В. В. Тимофеева (О. Починковская)
Один раз я решилась поднять на него глаза, но, встретив неподвижный, тяжелый, точно неприязненный взгляд, невольно потупилась и уже старалась на него не смотреть. (...)
Это был очень бледный – землистой, болезненной бледностью – немолодой, очень усталый или больной человек, с мрачным, изнуренным лицом, покрытым, как сеткой, какими-то необыкновенно выразительными тенями от напряженно сдержанного движения мускулов. Как будто каждый мускул на этом лице с впалыми щеками и широким и возвышенным лбом одухотворен был чувством и мыслью. И эти чувства и мысли неудержимо просились наружу, но их не пускала железная воля этого тщедушного и плотного в то же время, с широкими плечами, тихого и угрюмого человека. Он был весь точно замкнут на ключ - никаких движений, ни одного жеста, - только тонкие, бескровные губы нервно подергивались, когда он говорил. А общее впечатление с первого взгляда почему-то напомнило мне солдат - из "разжалованных", - каких мне не раз случалось видать в моем детстве, - вообще напомнило тюрьму и больницу и разные "ужасы" из времен "крепостного права"... И уже одно это напоминание до глубины взволновало мне душу...
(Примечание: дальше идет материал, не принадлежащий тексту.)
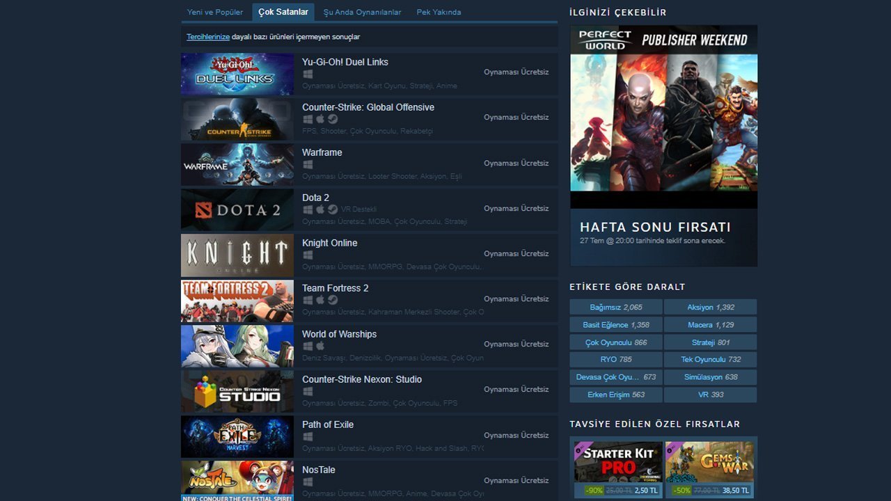 Hepimizin bildiği ve dünyanın en çok kullanılan oyun satın alma platformu olan Steam’de birçok ücretsiz oyun da sunuluyor. Oyun dünyasında reklam değeri olan büyük şirketlere ait birçok ücretsiz oyunun listelendiği Steam’de, hepimizin yıllardır severek oynadığı Dota 2, CS:GO ve Knight Online gibi tüm dünyanın bildiği ve oynadığı oyunlar ücretsiz olarak sunuluyor. Bu oldukça popüler olan oyunlardan artık sıkılmışsanız bile Steam’de hâlâ keşfedebileceğiniz birçok ücretsiz kaliteli yapım bulunuyor.

Но ведь тот же Достоевский так волшебно и сладостно расширял нам сердце и мысли!.. И кто знает, думалось мне теперь, под впечатлением первой встречи с знаменитым писателем, может быть, именно он вывел нас всех из нормы и до того пронизал нам душу любовною жалостью, состраданием ко всему страдающему, что нам сделалось тесно в семье, и все больное, забитое и приниженное стало нам близко и родственно, как свое! (…)
Да и все в нем в тот день мне казалось безжизненным: вялые, точно через силу движения, беззвучный голос, потухшие глаза, устремленные на меня двумя неподвижными точками.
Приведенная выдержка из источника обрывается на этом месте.